### Records shown
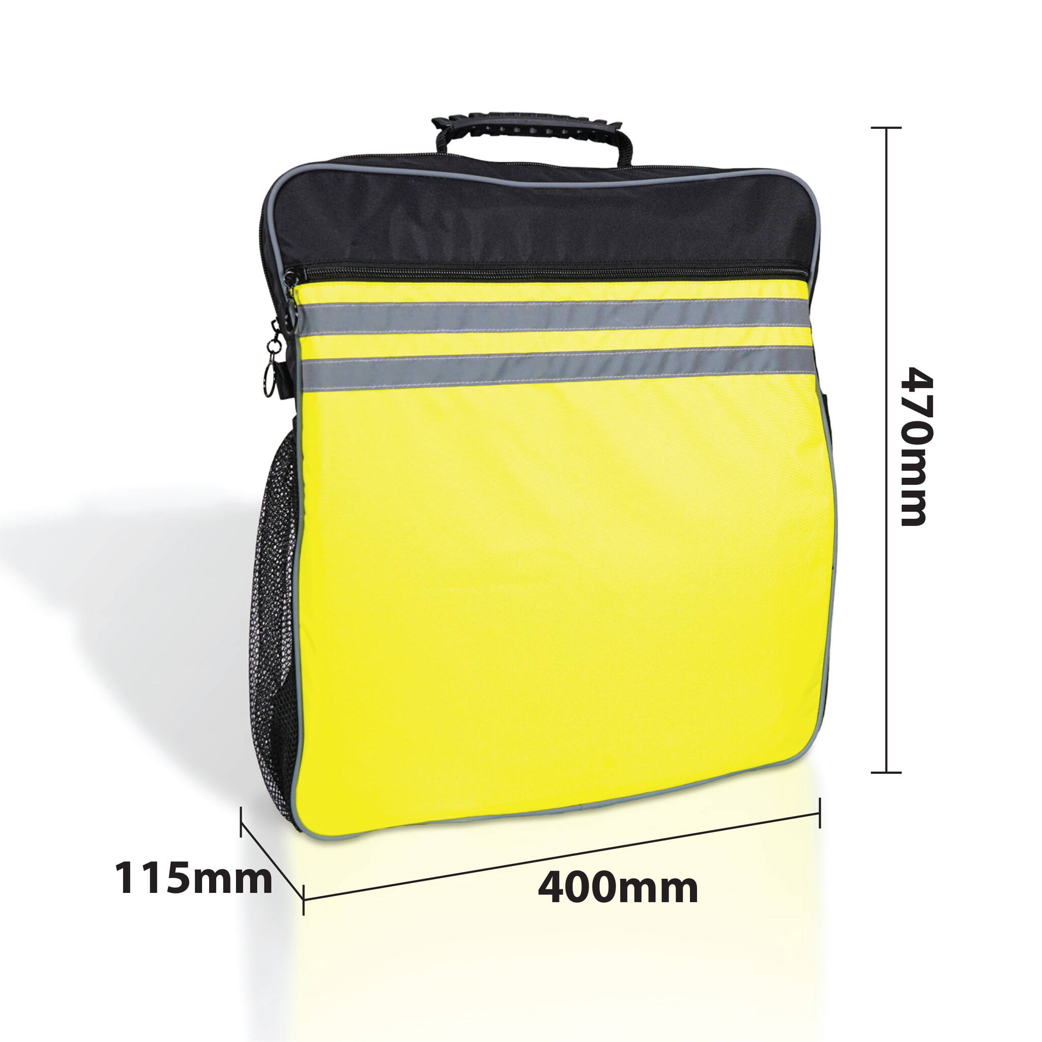 Deze scootertas is speciaal ontworpen om goed zichtbaar te zijn in het donker en bij weinig licht. Hij past netjes op de achterkant van de meeste standaard elektrische scooters en biedt opbergruimte voor jassen of jacks, boodschappen, medicijnen, snacks, enz. Er is een ruim hoofdvak en nog een voorvak voor papierwerk en kleinere spullen. Beide hebben een ritssluiting om je spullen veilig op te bergen. De ritssluitingen hebben grote trekkers voor mensen met artritis of voor mensen die handschoenen dragen.
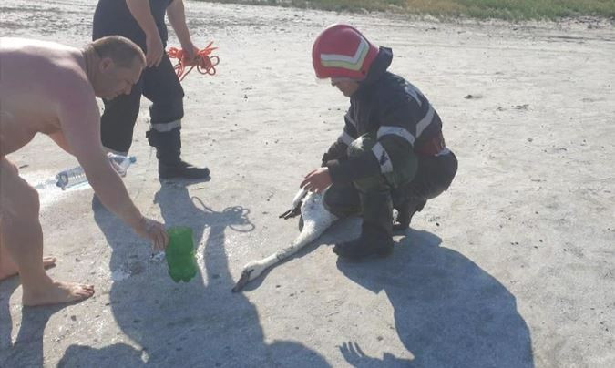 Pompierii din Brăila au salvat o lebădă rămasă captivă în nămol, pe o porțiune din ...
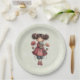 Pappteller mit einem niedlichen Retro-Motiv mit einem fantasievollen Mädchen mit rosigen Wangen und Blumen im Haar. Trägt eine grüne Froschpuppe.
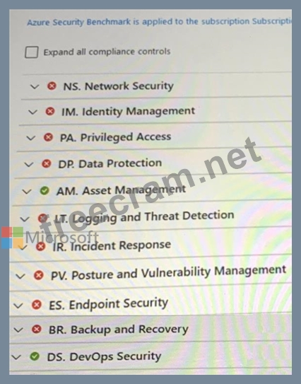 You have an Azure subscription that has Microsoft Defender for Cloud enabled. You are evaluating the Azure Security Benchmark V3 report as shown in the following exhibit. You need to verify whether Microsoft Defender for servers is installed on all the virtual machines that run Windows. Which compliance control should you evaluate?
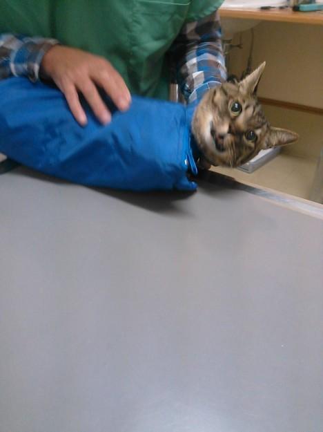 麻酔を覚ます注射。ここで先生失敗。即麻酔が切れるわけじゃないけど、猫袋に入ったまま注射しちゃったから焦る焦る。激怒するモナを宥めながらなんとか出しました。
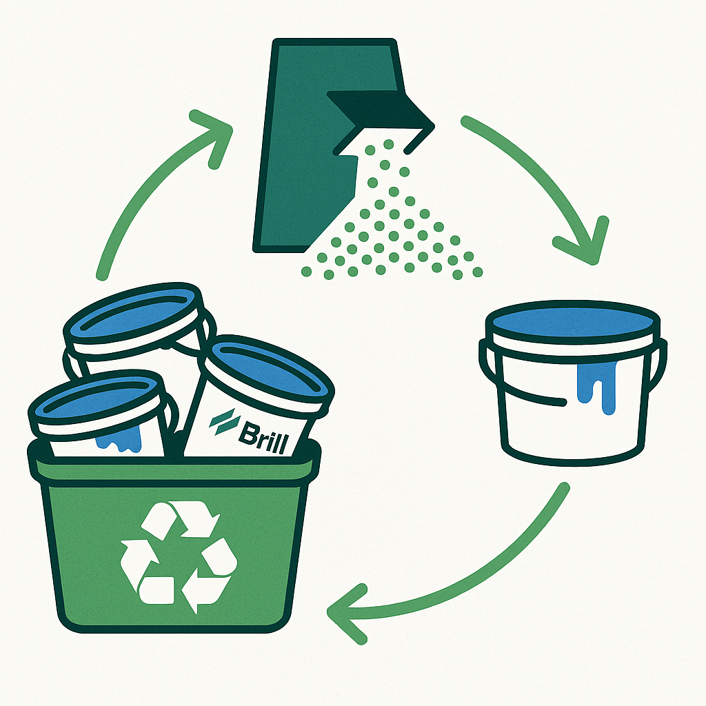 Leere Gebinde wie Farbeimer werden über das Brillux-Recyclingsystem gesammelt und wiederverwertet – ein aktiver Beitrag zur Kreislaufwirtschaft. -
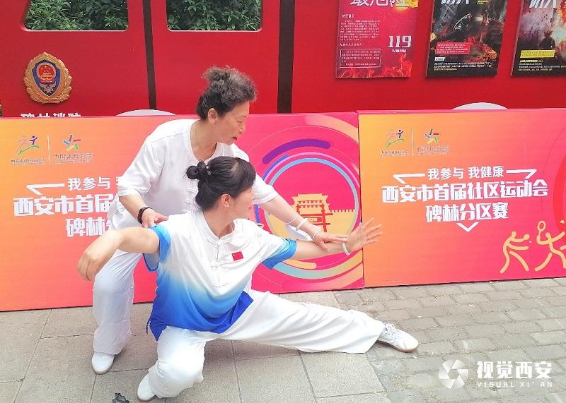 6月10日,社区运动会开幕式当天,碑林分赛区的多项赛事,已在设于长乐公园内的赛场上全面展开。在新编28式太极拳比赛的现场,48岁的张英正在利用上场前的最后一点宝贵时间,向长乐公园桂花园太极拳辅导站代表队的指导老师高福珍,请教着技术动作的要领以及让动作衔接更顺畅的诀窍。“我五年前来公园散步时看到有人在练太极拳,于是很快就加入了其中。这里的老师每天都免费给大家指导,我练得很开心,也认识了很多志同道合的伙伴,唯一的遗憾就是没有太多比赛和展示的机会,这下好了,有了社区运动会这样的舞台,我和伙伴们都很开心,大家订制了统一的练功服,也在赛前做了精心的准备,成绩如何不是最重要的,最重要的是能够参与到这样的全民健身赛事中,与更多热爱传统武术和太极拳的其他队伍交流切磋,大家通过比赛,可以共同提高。”
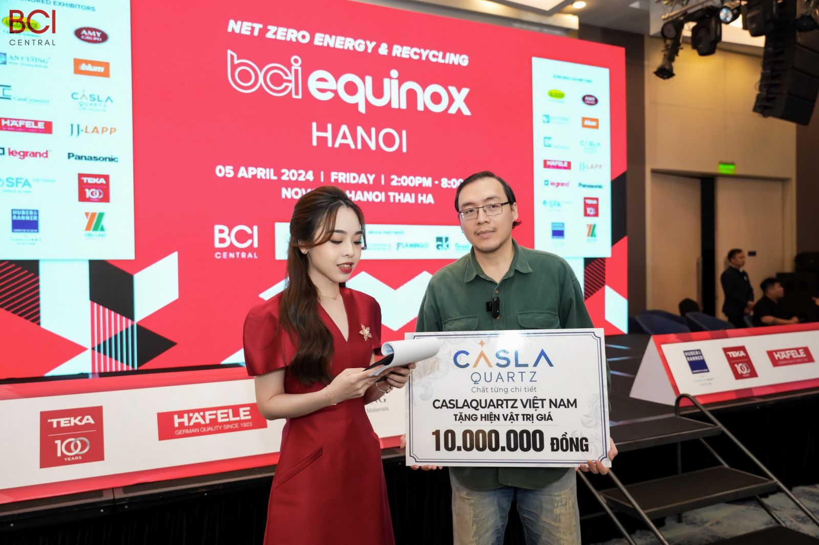 Ngày 05/04/2024 vừa qua, BCI Equinox Hanoi 2024 với chủ đề “Cân bằng Năng lượng & Tái chế – Net Zero Energy & Recycling” đã diễn ra tại Hà Nội với sự tham gia của hơn 350 chuyên gia ngành bất động sản, thiết kế & xây dựng; các kiến trúc sư trẻ và cả sinh viên khoa kiến trúc, nội thất. Sự kiện còn có sự góp mặt của nhiều chuyên gia vật liệu nội thất hàng đầu như Caslaquartz,.. nhằm thảo luận, cập nhật những cải tiến về sản phẩm và công nghệ để kiến tạo những giải pháp xanh cho ngành kiến trúc và xây dựng.

### What the task requires
Print all of the material exactly. Omit pictures.

### Your response
 Deze scootertas is speciaal ontworpen om goed zichtbaar te zijn in het donker en bij weinig licht. Hij past netjes op de achterkant van de meeste standaard elektrische scooters en biedt opbergruimte voor jassen of jacks, boodschappen, medicijnen, snacks, enz. Er is een ruim hoofdvak en nog een voorvak voor papierwerk en kleinere spullen. Beide hebben een ritssluiting om je spullen veilig op te bergen. De ritssluitingen hebben grote trekkers voor mensen met artritis of voor mensen die handschoenen dragen.
 Pompierii din Brăila au salvat o lebădă rămasă captivă în nămol, pe o porțiune din ...
 Pappteller mit einem niedlichen Retro-Motiv mit einem fantasievollen Mädchen mit rosigen Wangen und Blumen im Haar. Trägt eine grüne Froschpuppe.
 You have an Azure subscription that has Microsoft Defender for Cloud enabled. You are evaluating the Azure Security Benchmark V3 report as shown in the following exhibit. You need to verify whether Microsoft Defender for servers is installed on all the virtual machines that run Windows. Which compliance control should you evaluate?
 麻酔を覚ます注射。ここで先生失敗。即麻酔が切れるわけじゃないけど、猫袋に入ったまま注射しちゃったから焦る焦る。激怒するモナを宥めながらなんとか出しました。
 Leere Gebinde wie Farbeimer werden über das Brillux-Recyclingsystem gesammelt und wiederverwertet – ein aktiver Beitrag zur Kreislaufwirtschaft. -
 6月10日,社区运动会开幕式当天,碑林分赛区的多项赛事,已在设于长乐公园内的赛场上全面展开。在新编28式太极拳比赛的现场,48岁的张英正在利用上场前的最后一点宝贵时间,向长乐公园桂花园太极拳辅导站代表队的指导老师高福珍,请教着技术动作的要领以及让动作衔接更顺畅的诀窍。“我五年前来公园散步时看到有人在练太极拳,于是很快就加入了其中。这里的老师每天都免费给大家指导,我练得很开心,也认识了很多志同道合的伙伴,唯一的遗憾就是没有太多比赛和展示的机会,这下好了,有了社区运动会这样的舞台,我和伙伴们都很开心,大家订制了统一的练功服,也在赛前做了精心的准备,成绩如何不是最重要的,最重要的是能够参与到这样的全民健身赛事中,与更多热爱传统武术和太极拳的其他队伍交流切磋,大家通过比赛,可以共同提高。”
 Ngày 05/04/2024 vừa qua, BCI Equinox Hanoi 2024 với chủ đề “Cân bằng Năng lượng & Tái chế – Net Zero Energy & Recycling” đã diễn ra tại Hà Nội với sự tham gia của hơn 350 chuyên gia ngành bất động sản, thiết kế & xây dựng; các kiến trúc sư trẻ và cả sinh viên khoa kiến trúc, nội thất. Sự kiện còn có sự góp mặt của nhiều chuyên gia vật liệu nội thất hàng đầu như Caslaquartz,.. nhằm thảo luận, cập nhật những cải tiến về sản phẩm và công nghệ để kiến tạo những giải pháp xanh cho ngành kiến trúc và xây dựng.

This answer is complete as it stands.